Clinical Vignette: You are considering medication options for a 49-year-old man newly diagnosed with prostate cancer. Which of the following is NOT indicated for managing his prostate cancer?
Multiple-Choice Options:
A. Leuprolide
B. Flutamide
C. Finasteride
D. Enzalutamide
Correct Answer: C. Finasteride
In-Depth Explanation:
A: Leuprolide is a GnRH agonist indicated for metastatic prostate cancer (Paragraph 1).
B: Flutamide is a first-generation AR antagonist used for prostate cancer, though not as monotherapy (Paragraph 5).
C: Finasteride is a 5α-Reductase inhibitor and is not indicated for prostate cancer management (Paragraph 7).
D: Enzalutamide is a second-generation AR antagonist used for prostate cancer (Paragraph 7).
Memory Tool: “Fine, No Cancer” to remember that Finasteride is not fine for treating prostate cancer.
Reference Citation: Table 161.1, Paragraph 7.
Rationale: Knowing what NOT to prescribe is just as important as knowing what to prescribe for effective patient care.
Clinical Vignette: A 72-year-old male is diagnosed with metastatic prostate cancer. What is considered the mainstay of therapy for his condition?
Multiple-Choice Options:
A. GnRH agonists
B. GnRH antagonists
C. Adrenal-targeting drugs
D. First-generation AR antagonists
Correct Answer: A. GnRH agonists
In-Depth Explanation:
A: GnRH agonists like Leuprolide and Goserelin are considered the mainstay of therapy for metastatic prostate cancer (Paragraph 1).
B: GnRH antagonists, while effective, are not considered the mainstay of therapy for metastatic disease (Paragraph 2).
C: Adrenal-targeting drugs are not the mainstay therapy for metastatic prostate cancer (Paragraph 3).
D: First-generation AR antagonists are not considered the mainstay and are not indicated as monotherapy (Paragraph 5).
Memory Tool: “A-Gone: Metastatic Gone” to remember that GnRH agonists are the mainstay for metastatic prostate cancer.
Reference Citation: Table 161.1, Paragraph 1.
Rationale: Knowing the first-line treatment for conditions like metastatic prostate cancer is crucial for providing optimal care.

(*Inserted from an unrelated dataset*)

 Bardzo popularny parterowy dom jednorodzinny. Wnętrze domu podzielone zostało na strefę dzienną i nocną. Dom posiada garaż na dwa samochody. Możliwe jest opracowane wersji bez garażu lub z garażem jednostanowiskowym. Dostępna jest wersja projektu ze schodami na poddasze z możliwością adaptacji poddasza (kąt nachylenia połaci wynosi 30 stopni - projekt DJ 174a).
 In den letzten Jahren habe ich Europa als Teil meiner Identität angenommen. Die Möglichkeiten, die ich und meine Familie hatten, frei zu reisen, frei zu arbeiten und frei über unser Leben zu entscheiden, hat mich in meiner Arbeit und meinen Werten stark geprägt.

Clinical Vignette: A 58-year-old man with prostate cancer is started on a new medication to prevent a testosterone surge. Which class of drugs is he likely taking?
Multiple-Choice Options:
A. GnRH agonists
B. GnRH antagonists
C. Adrenal-targeting drugs
D. 5α-Reductase inhibitors
Correct Answer: B. GnRH antagonists
In-Depth Explanation:
A: GnRH agonists initially stimulate the release of LH and are not used to prevent a testosterone surge (Paragraph 1).
B: GnRH antagonists like Degarelix and Abarelix prevent a testosterone surge by blocking the release of GnRH (Paragraph 2).

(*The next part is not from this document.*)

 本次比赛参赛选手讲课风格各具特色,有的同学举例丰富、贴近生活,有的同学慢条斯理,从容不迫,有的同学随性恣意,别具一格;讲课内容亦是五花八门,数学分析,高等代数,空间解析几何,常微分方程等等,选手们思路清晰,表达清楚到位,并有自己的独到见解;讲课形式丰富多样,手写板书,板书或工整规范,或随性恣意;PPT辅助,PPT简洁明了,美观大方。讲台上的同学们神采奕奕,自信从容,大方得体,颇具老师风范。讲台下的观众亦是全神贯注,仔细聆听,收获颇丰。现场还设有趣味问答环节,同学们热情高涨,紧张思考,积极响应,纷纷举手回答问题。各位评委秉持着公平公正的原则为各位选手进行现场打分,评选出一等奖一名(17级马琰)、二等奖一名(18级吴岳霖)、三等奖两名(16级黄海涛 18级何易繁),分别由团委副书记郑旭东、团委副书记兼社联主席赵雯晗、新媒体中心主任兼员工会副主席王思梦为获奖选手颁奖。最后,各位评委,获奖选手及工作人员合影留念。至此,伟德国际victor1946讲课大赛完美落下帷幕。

C: Adrenal-targeting drugs inhibit cytochrome P450 enzymes and are not used for preventing testosterone surges (Paragraph 3).
D: 5α-Reductase inhibitors are not used to prevent testosterone surges; they inhibit the conversion of testosterone to DHT (Paragraph 7).
Memory Tool: “Antagonize to Neutralize Surge” to remember that GnRH antagonists prevent testosterone surges.
Reference Citation: Table 161.1, Paragraph 2.
Rationale: Accurate understanding of drug mechanisms allows you to select the appropriate medication for specific patient needs.